Vision Divine : Vision Divine

Ich glaube, dieses Review kann ich recht kurz halten. Schließlich könnt Ihr selbst wunderbar testen, ob Ihr zu der potentiellen Fan-Schar von Vision Divine gehört oder die CD im Laden besser übergeht. Ein Blick auf die Besetzung dieses Projekts aus dem Stiefelland genügt eigentlich: da hätten wir Fabio Lione (vocals, Rhapsody/ex-Labyrinth) anzubieten, Olaf Thörsen, Andrew McPauls und Mat Stancioiu (guitar, keys bzw. drums, alle drei Labyrinth) sowie ein mir nicht bekannter Bassist namens Andrea Torricini. Na? Schon entsetzt schreiend das Review weggeklickt? Nein? Also denn...

Wir haben's hier realistisch gesehen mit einer early Labyrinth-Reunion unter anderem Namen zu tun, und dementsprechend erinnert "Vision Divine" auch oft an deren Debütalbum "No Limits", auf dem Lione seinerzeit noch unter dem obercoolen Pseudonym Joe Terry mitwirkte - das Ganze klingt also 'ne gute Ecke Keyboard-lastiger als die heutigen Labyrinth, aber niemals so überladen mit Special Effects (Geigen, Frauengesang, Kosakenchöre...), wie es bei Liones jetziger Band oft der Fall ist. Weitere Anhaltspunkte sind die stärkeren Momente von Yngwie Malmsteen's Rising Force (erstklassig gespielte Gitarren/Keyboard-Duelle), die ersten zwei Alben von Tad Morose (Gesamtsound) und hier und da ein Schuß Symphony X (beschränkt sich aber im wesentlichen auf das proggige Instrumental "Forgotten Worlds"). Diese Referenzen sollten auch klarstellen, daß Vision Divine der Tralala-Falle größtenteils entgangen sind - die Songs haben zwar eingängige, aber selten aufdringliche Refrains. Besagte Chorusse ähneln sich untereinander leider für meinen Geschmack ab und an etwas zu sehr, so daß auch nicht jeder Song ein Treffer geworden ist - "The Miracle" zum Beispiel ist ein eher durchschnittlicher Beitrag geworden, und das gilt leider auch für die Coverversion des Europe-Klassikers "The Final Countdown", die die Jungs offensichtlich mit viel zu viel Ehrfurcht vor dem Original angegangen sind.

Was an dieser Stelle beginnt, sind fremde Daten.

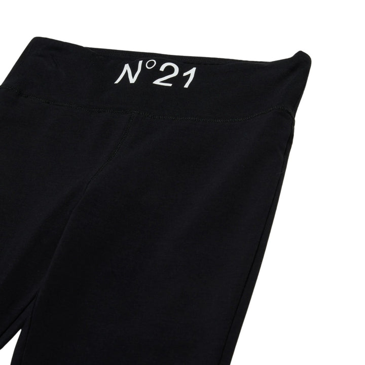 Girls Black Logo-Print leggings by N21 featuring a comfy fit with bold logo detailing perfect for casual and sporty looks.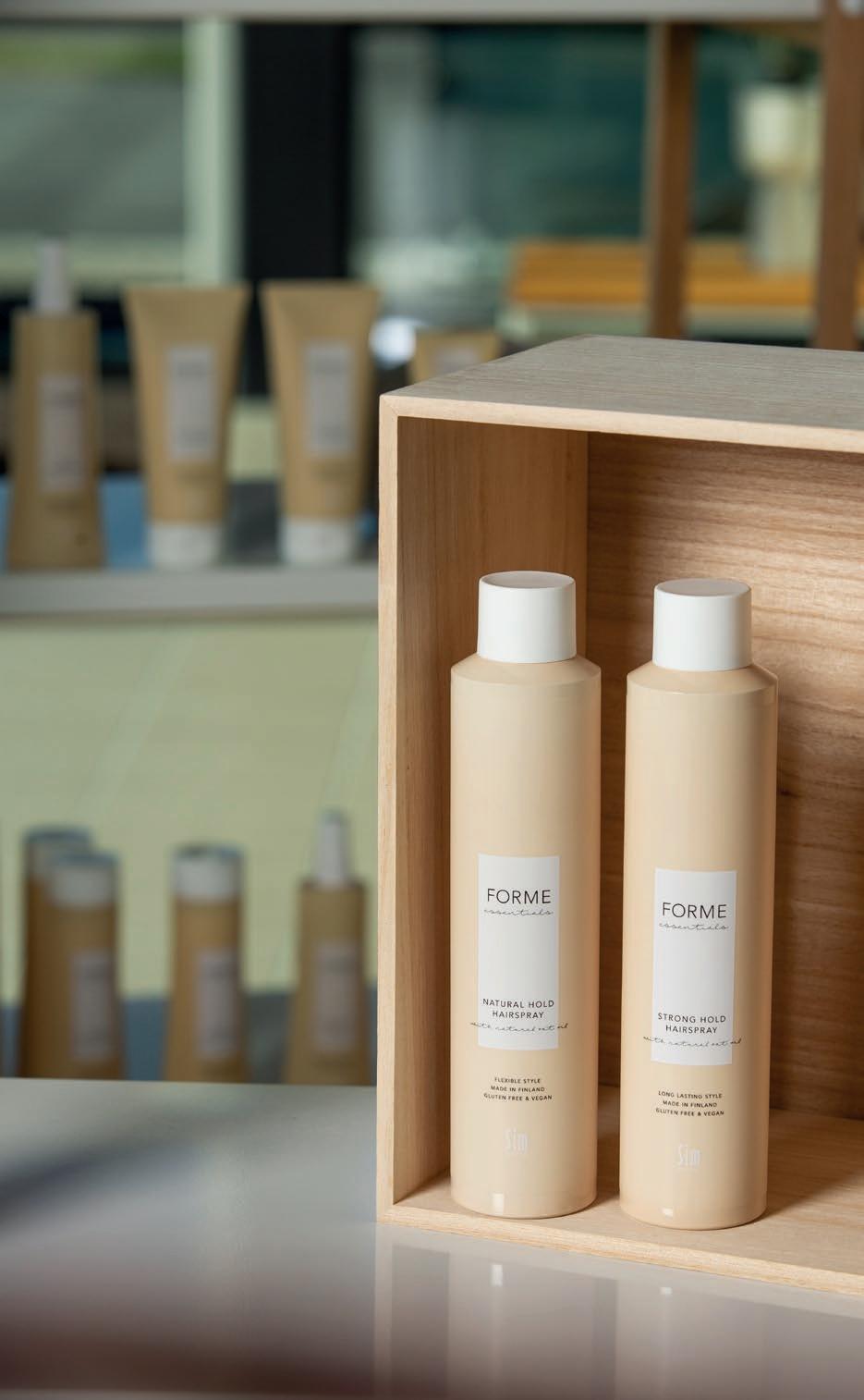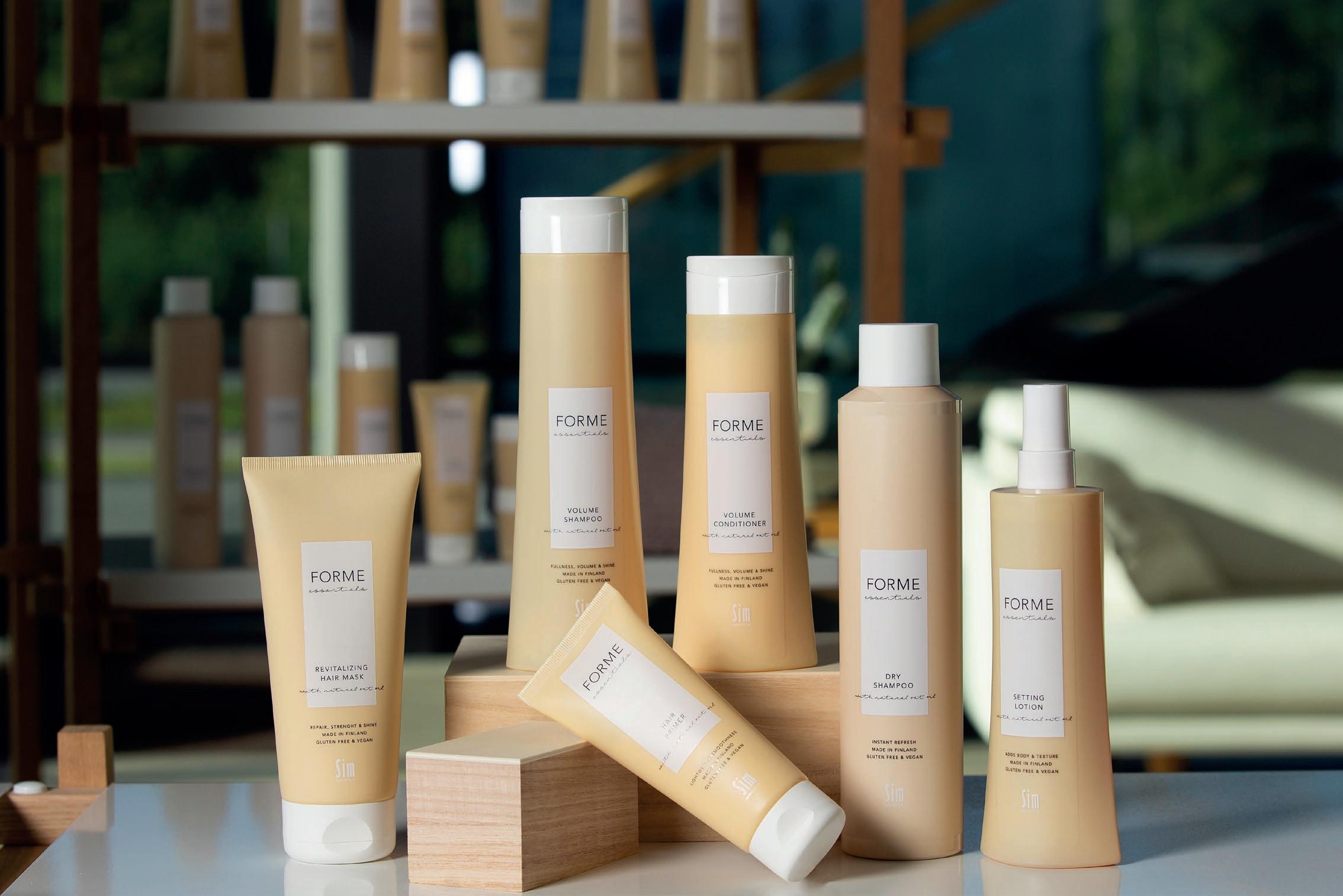 Forme Essentials -tuotteet ovat loistava vegaaninen myyntituotesarja hiusten luonnollisen kosteustasapainon saavuttamiseen sekä sen yllä pitämiseen. Forme Essentials -sarjasta löytyy niin hoito- kuin muotoilu tuotteet, jotka myös jättävät kampaamoille hyvän myyntikatteen.

Trotzdem - einige Anspieltips muß ich noch geben, als da wären: die getragene, majestätische Bandhymne "Vision Divine"; das rasend schnelle "Forever Young", das Stratovarius auch nicht besser hätten schreiben können; die bombastischen Mid-Tempo-Nummern "New Eden" (ein Tribut an die gleichnamige Band?), "Black Mask of Fear" und "Exodus" sowie die wunderschöne, das Album perfekt beschließende Ballade "Of Light and Darkness", in der Lione seine mit Abstand beste Gesangsleistung hinlegt und die Rhapsody-08/15-Ballade "Wings of Destiny" um Lichtjahre schlägt.

Noch ein paar positive Worte zu Fabio Lione, zu dessen Fans ich mich bis jetzt eigentlich nie wirklich zählte (er sang bei Rhapsody viel zu penetrant und eindimensional in den höchsten Tonlagen): Wenn "Vision Divine" eins zeigt, dann ist es, daß der Mann wesentlich mehr kann, als man ihn bei seiner Hauptband machen läßt. Hat mich überzeugt!

Fazit: hält als Ganzes vielleicht nicht ganz mit den Klassikeralben "Return to Heaven Denied" oder "Symphony of Enchanted Lands" mit, folgt aber dicht darauf. Sollte man als Fan zumindest mal gehört haben.